Le cheminement de la période des années 1970 au début des années 2010 est donc le suivant : on crée des prestations sous conditions de ressources, prestations censées bénéficier aux familles qui en ont « vraiment besoin » ; cela permet de contenir les budgets mais surtout de cesser de respecter l’autonomie financière de la Caisse nationale des allocations familiales (CNAF), pourtant inscrite dans les lois. Des recettes de la CNAF sont ponctionnées à d’autres fins que la politique familiale. Ce faisant, on introduit une logique d’assistance et le poids relatif des prestations sous conditions de ressources dans le budget total de la CNAF s’accroît.

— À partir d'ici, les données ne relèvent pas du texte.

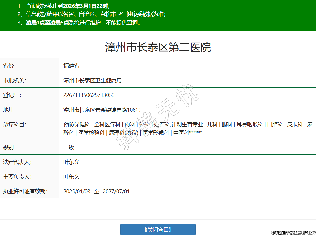 省份:福建省审批机关:漳州市长泰区卫生健康局登记号:226711350625713053地址:漳州市长泰区岩溪镇锦昌路106号诊疗科目:预防保健科 | 全科医疗科 | 内科 | 外科 | 妇产科;计划生育专业 | 儿科 | 眼科 | 耳鼻咽喉科 | 口腔科 | 皮肤科 | 麻醉科 | 医学检验科 | 病理科(协议) | 医学影像科 | 中医科******级别:一级法定代表人:叶东文主要负责人:叶东文执业许可证有效期:2025/01/03 -至- 2027/07/01 -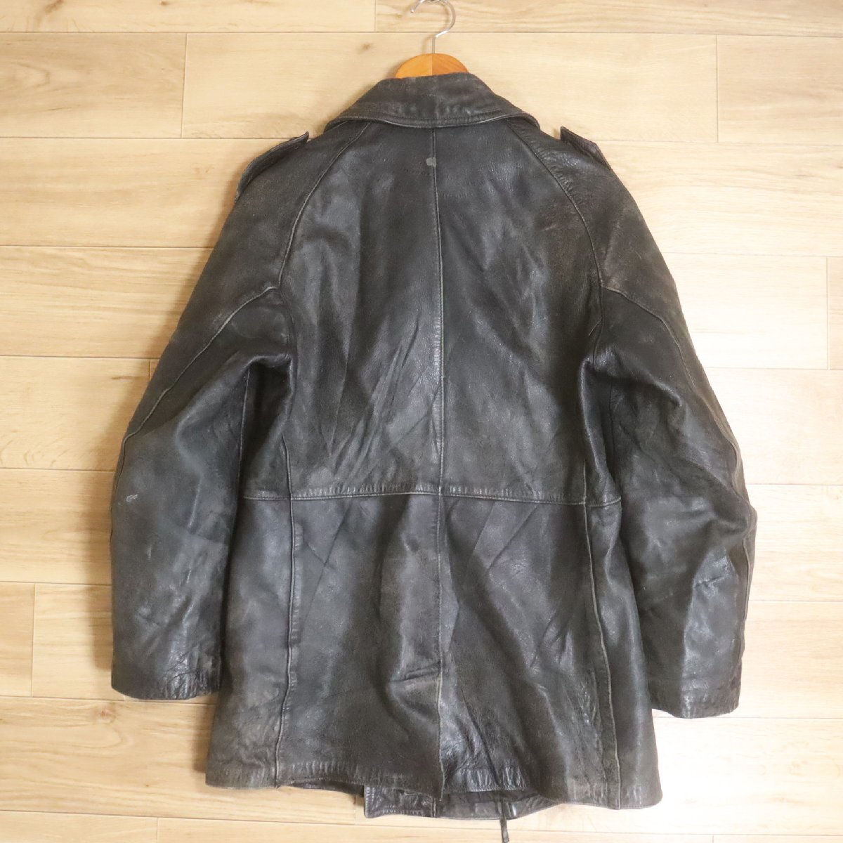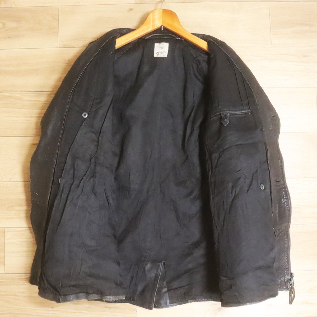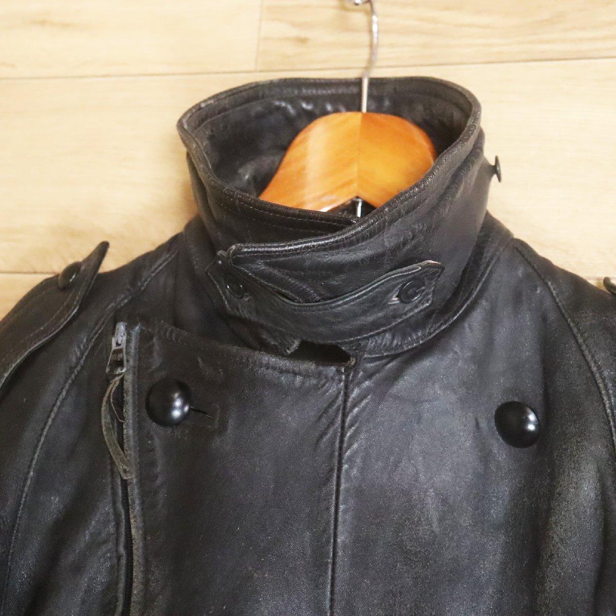 I8S/R6.24-2 80s ビンテージ フランス軍 モーターサイクルコート 本革 レザージャケット レザーコート 92C ユーロヴィンテージ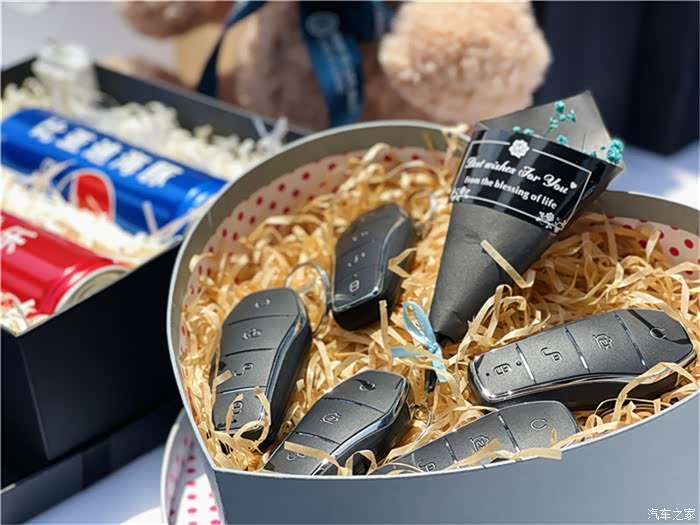 5把钥匙在一块,而且也做了一个精美的礼盒,不得不说比亚迪海豚的这个钥匙设计还是很有质感的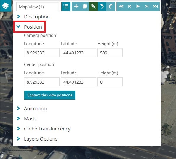 button or change the longitude, latitude and height of the Camera Position and Center Position (only available for the 3D mode) by using the Position section.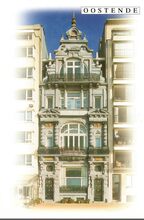 J.V.D.B., n° 102/3. - De noordgevel van de vierde Kursaal langs de Van Iseghemlaan. Op de luifel van de hoofdingang, de sculptuur "De Vier Elementen" van beeldhouwer Oscar Jespers. Op de hoek van de Van Iseghemlaan en de Langestraat het "Hôtel Bel-Air". In het midden, de woontoren "Europacentrum".

2.3 Un changement majeur finalement temporaire
Au milieu de cette période, donc dans les années 1990, les gouvernements considèrent que leur problème prioritaire est de pouvoir entrer dans la zone euro créée par le traité de Maastricht. Ils s’attellent donc à respecter les limites d’endettement public fixées par le pacte européen de stabilité et de croissance tel que prévu par les nouveaux traités européens et les décisions du Conseil européen. L’État continue à ponctionner des fonds pourtant destinés aux familles avec enfants, puisqu’il est acquis que leur capacité de mobilisation ou de manifestation est faible, voire nulle.
Puis, en 1995, le plan de réforme de la protection sociale du Premier ministre Alain Juppé prévoit la fiscalisation des allocations familiales. Le 19 juin 1997, le nouveau Premier ministre Lionel Jospin annonce que les allocations familiales ne seront plus versées qu’aux ménages aux revenus modestes ou moyens. Cette mesure ne figurait pas dans le projet socialiste pour les législatives 1997, mais était inscrite en 1995 dans le programme présidentiel de Lionel Jospin.

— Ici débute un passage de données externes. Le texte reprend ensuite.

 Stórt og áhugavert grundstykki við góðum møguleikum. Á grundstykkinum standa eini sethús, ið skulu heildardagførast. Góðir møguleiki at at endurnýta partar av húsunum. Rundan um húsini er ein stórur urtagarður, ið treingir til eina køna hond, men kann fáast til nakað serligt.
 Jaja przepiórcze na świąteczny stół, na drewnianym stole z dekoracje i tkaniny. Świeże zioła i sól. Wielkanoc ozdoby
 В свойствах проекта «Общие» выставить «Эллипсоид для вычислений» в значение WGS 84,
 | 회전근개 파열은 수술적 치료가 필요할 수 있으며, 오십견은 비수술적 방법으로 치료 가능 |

Effectivement, au 1er janvier 1998, les allocations familiales, à rebours de toute leur histoire, sont placées sous conditions de ressources. Cette mesure suscite de nombreuses controverses plus particulièrement au sein de la « gauche plurielle », la coalition majoritaire à l’Assemblée nationale et qui porte le gouvernement, dont fait partie le Parti communiste. Ce dernier considère qu’enlever le caractère universel des allocations familiales, est une remise en cause du contrat pluridécennal entre les Français et qui risque de remettre en question d’autres politiques publiques.
C’est aussi instaurer des effets de seuil qui, par définition, sont sources d’inégalités. Par exemple, des ménages en situation similaire peuvent ne pas percevoir le même montant d’allocations familiales car les ressources dont ils disposent sont, pour certains, juste au-dessus du seuil et, pour les autres, tout juste en dessous. S’ajoutent des effets pervers : des personnes peuvent souhaiter ne pas obtenir de leur employeur une prime ou une augmentation de salaire pour ne pas risquer de franchir le seuil entraînant une diminution des allocations familiales.

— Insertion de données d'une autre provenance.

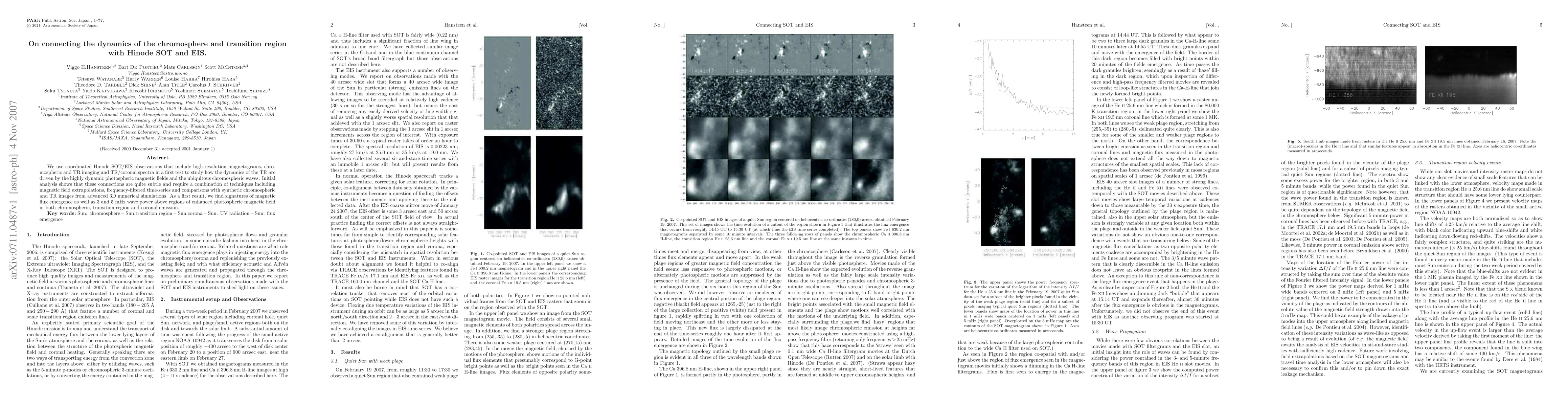 We use coordinated Hinode SOT/EIS observations that include high-resolution magnetograms, chromospheric and TR imaging and TR/coronal spectra in a first test to study how the dynamics of the TR are driven by the highly dynamic photospheric magnetic fields and the ubiquitous chromospheric waves. Initial analysis shows that these connections are quite subtle and require a combination of techniques including magnetic field extrapolations, frequency-filtered time-series and comparisons with synthetic chromospheric and TR images from advanced 3D numerical simulations. As a first result, we find signatures of magnetic flux emergence as well as 3 and 5 mHz wave power above regions of enhanced photospheric magnetic field in both chromospheric, transition region and coronal emission.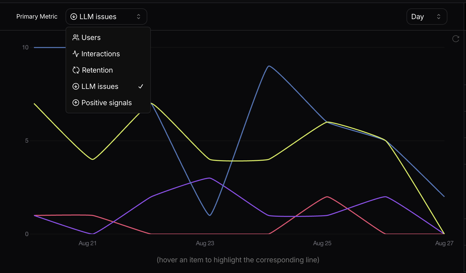 For each user metric (such as a specific topic), you can choose to visualize the trend of various related “primary metrics.” For example, you might explore: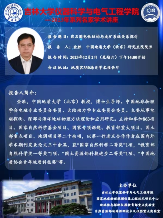 2023年系列名家学术讲座--中国地质大学(北京)研究生院经理 金胜教授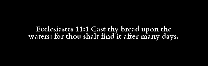 Ecclesiastes 11:1 Cast thy bread upon the waters: for thou shalt find it after many days.
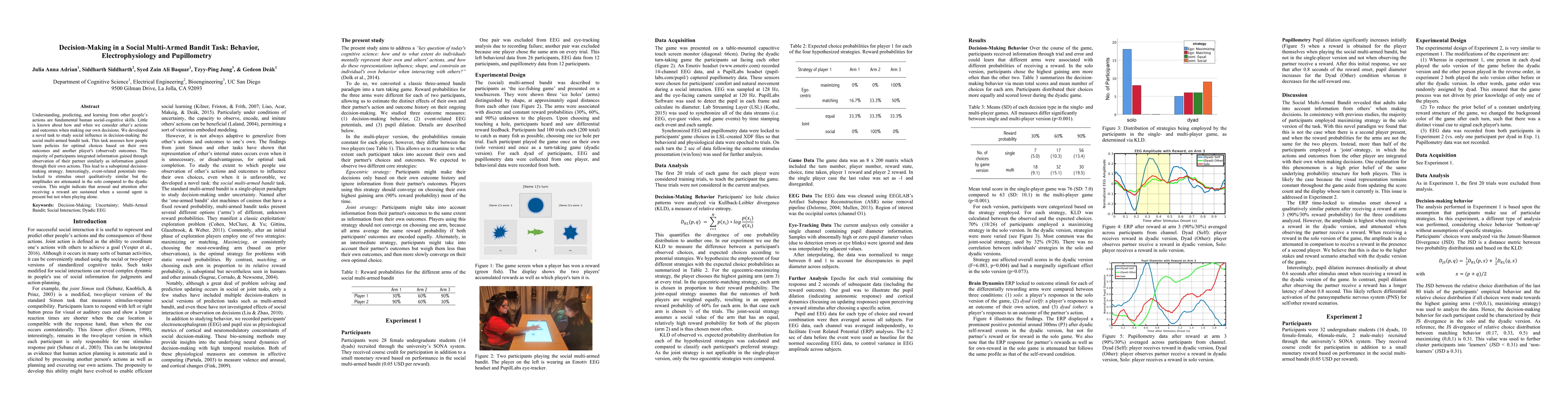 Understanding, predicting, and learning from other people's actions are fundamental human social-cognitive skills. Little is known about how and when we consider other's actions and outcomes when making our own decisions. We developed a novel task to study social influence in decision-making: the social multi-armed bandit task. This task assesses how people learn policies for optimal choices based on their own outcomes and another player's (observed) outcomes. The majority of participants integrated information gained through observation of their partner similarly as information gained through their own actions. This lead to a suboptimal decision-making strategy. Interestingly, event-related potentials time-locked to stimulus onset qualitatively similar but the amplitudes are attenuated in the solo compared to the dyadic version. This might indicate that arousal and attention after receiving a reward are sustained when a second agent is present but not when playing alone.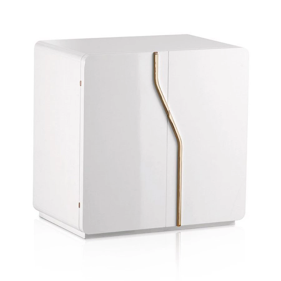 Polished white bird’s eye maple or walnut armored chest with 24k gold plated accessories., round handle with a biometric opening device, and integrated emergency key. Also, inside are a pull-out necklace holder and lined drawers for jewelry. Handmade in Italy.

En outre, la fin de l’universalité des allocations familiales consiste à laisser penser que la société a moins besoin des enfants de cadre que des enfants des catégories sociales inférieures. Pourtant, l’avenir du financement de la protection sociale elle-même suppose des enfants, quelle que soit la catégorie socioprofessionnelle de leurs parents. Finalement, le Parti communiste9, qui n’avait pas hésité à manifester avec la droite10, finit par convaincre, et le Premier ministre Lionel Jospin, après une durée symbolique de neuf mois (1er janvier 1998 – 30 septembre 1998) rétablit le principe d’universalité des allocations familiales. Et une telle idée disparaît des programmes des partis politiques, de gauche comme de droite.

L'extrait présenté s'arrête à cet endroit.